What is an assistance animal?
Assistance animals, usually dogs, are not pets. They are highly trained to support you with your day-to-day activities out and about or at home.
They are mainly used by people that are visually impaired, hearing impaired, have physical disabilities, or are significantly affected by conditions such as autism, epilepsy, or diabetes.
The assistant dogs have to do basic training like a pet dog would before completing their service training.
Assistance dogs take between six months and two years to service train before they can be used for certain tasks to support you.
A task trained assistance dog is an ‘auxiliary aid,’ so classed as medical equipment and not a dog. They are often identified by wearing a jacket, a harness, or a brightly coloured collar and lead. By law, an assistance dog cannot be denied entry to a public place even if it is not a pet friendly place. This includes restaurants, accommodation, schools, taxis and many more!

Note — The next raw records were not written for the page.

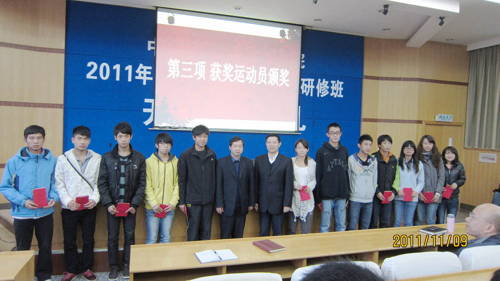 大会开始由主持人总结星空官网在校运会上取得的成果:在10月21日至23日的校运会上,星空官网运动健儿奋勇拼搏,摘得金牌共计28枚,打破2项校运会记录,最终以团体总分第一、男女总分第一的骄人战绩蝉联十连冠。主持人宣读了星空XKXK星空体育对校运动会优秀运动员的表彰决定和获奖运动员名单。院党委书记胡振华教授、常务副院长游达明教授亲自为获奖运动员颁奖,全场抱以热烈的掌声向获奖者表示祝贺。获奖运动员代表施焱同学进行了发言,她代表所有运动员向一直关心支持他们的学院领导、老师和同学们致以真挚的谢意并表示会再接再厉,为学院再创佳绩。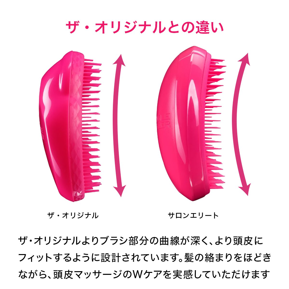 ●ブラシ中央部分の曲線は、頭の形とブラシの頭皮へのあたり、流れを綿密に計算したデザインです。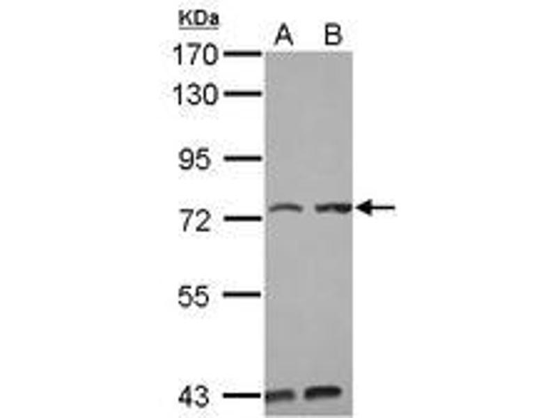 Usage: Suggested starting dilutions are as follows: Western blot: 1:500-1:3000, IHC-Paraffin: 1:100-1:1000 [suggested antigen retrieval using heat mediated 10 mM Citrate buffer ( pH 6.0) or Tris-EDTA buffer ( pH 8.0)]. Not yet tested in other applications. Optimal working dilutions should be determined experimentally by the end user. -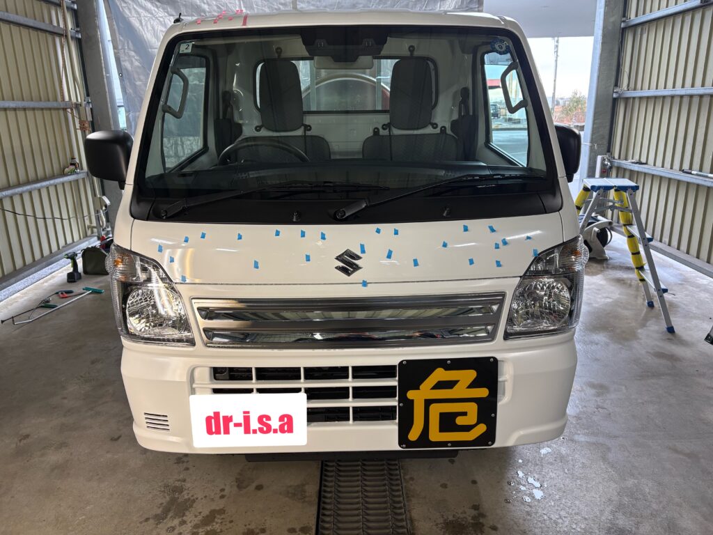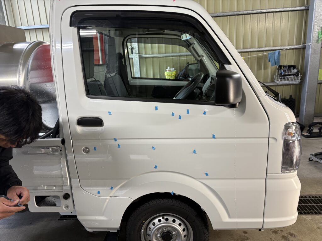 ヘコミの箇所にマスキングテープを貼って被害状況の確認していきます。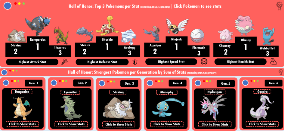 Now, about the Halls of Honor below. They basically display the best pokemons according to specific stats (Attack, Defense, Speed and HP) and by generation (sum of all stats).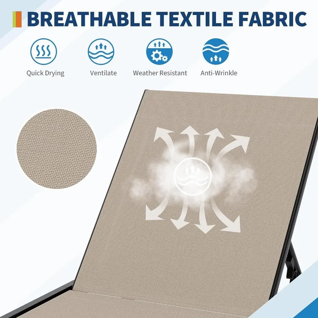 Elevate your outdoor relaxation with the Nasitip 3-Piece Poolside Lounger Set. Designed for comfort and versatility, each chaise lounge features a 5-position adjustable backrest that adapts to your preferred angle for reading, napping, or sunbathing. Made with breathable Textilene fabric, these lounge chairs resist fading, dry quickly, and stay cool under the sun. The lightweight stainless steel frame includes two rear wheels for easy movement, while the included matching side table completes your poolside or patio setup. With a weight capacity of 350 lbs per chair and a stylish khaki finish, this set combines strength, function, and style—ideal for the backyard, balcony, deck, or pool.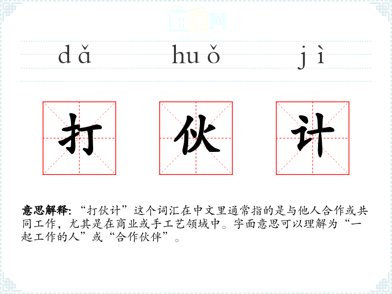 “打伙计”这个词汇在中文里通常指的是与他人合作或共同工作,尤其是在商业或手工艺领域中。字面意思可以理解为“一起工作的人”或“合作伙伴”。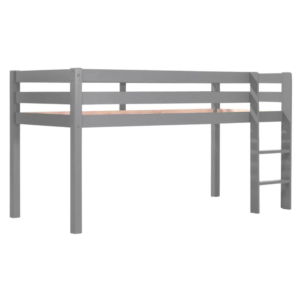 Machen Sie Ihr Kind zum König: Der Raum unter diesem Mittelhochbett bietet Platz für ein ganzes Schloss zum Spielen. Mit einer Höhe von ca. 70 cm eignet sich das Bett gut für Kinder, die noch zu klein sind für ein klassisches Hochbett. Für Sicherheit sorgen der umlaufende Absturzschutz und die breiten Tritte der Leiter. Diese ist links oder rechts montierbar. Inkl. Rolllattenrost, einfache Selbstmontage. In verschiedenen Farben und auch mit Rutschbahn erhältlich.

What are assistance dogs often used for?
Depending on the type of assistance required they may support physical needs such as:
- Turning on lights,
- Opening and closing doors,
- Loading or emptying washing machines,
- Picking up things. Such as: phone or clothes,
- Pushing buttons,
- Alerting to dangers like smoke alarms
- Navigating busy places
They may also help with medical support needs such as:
- detect changes in blood sugar levels and other hormone-related odour changes, seizures, or anxiety.

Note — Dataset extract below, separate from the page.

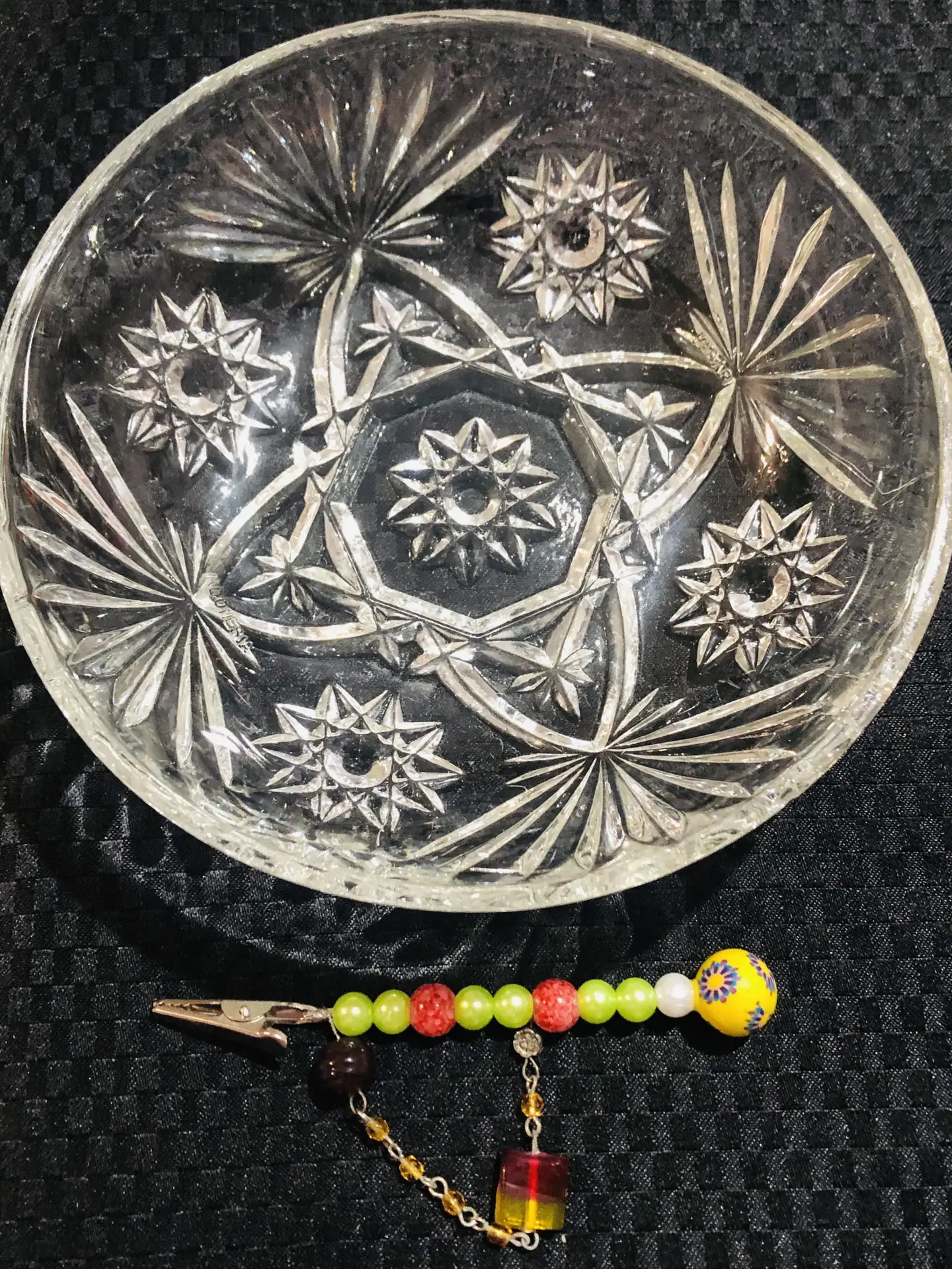 Vintage glass bowl and clip set

- warn you, get help and fetch any vital medical supplies.
You can find out more about service animals for different types of needs by going to Assistance Dogs UK.
See different assistance animals in action in the CBeebies television show Dog Squad.
Emotional support animals
Emotional support animals can provide comfort to someone struggling to cope with the negative symptoms of their disability.
Emotional support animals do not need any specific task-training like an assistance animal because they are just a loyal companion. The bond with their owner and their presence helps alleviates the emotional symptoms associated the disability. They may for example boost confidence and reduce loneliness.
Cats, or other animals such as birds, ferrets, gerbils, rabbits, snakes, lizards and so on, can also be used as emotional support animals. But you cannot take them out and about with you in the same way as dogs.
Emotional support animals do not have the same legal rights as assistance animals. Health and safety laws take priority over using an emotional support animal when accessing services.
As with all pets, owning an animal is a big responsibility and you need to consider the costs and care required for the lifetime of the animal.
Funding of assistance animals
Assistance animals are not managed or provided by the Local Authority or health service. There are no published NICE clinical guidance supporting the use of assistance dogs. You need to apply directly to a specialist organisation (for example Guide Dogs for the Blind or Medical Detection Dogs). Each has their own eligibility criteria and application process.
Usually, the person the dog is supporting will be responsible for the upkeep of the dog (for example, food, vets’ bills). Dogs may need ‘Working Dog Insurance’ rather than a normal Pet Insurance. This is wider and covers Public Liability Insurance for accessing public places. But you will need to be prepared for the cost of a dog over its lifetime.
Otherwise, there are sometimes grants offered by charities to support with training costs.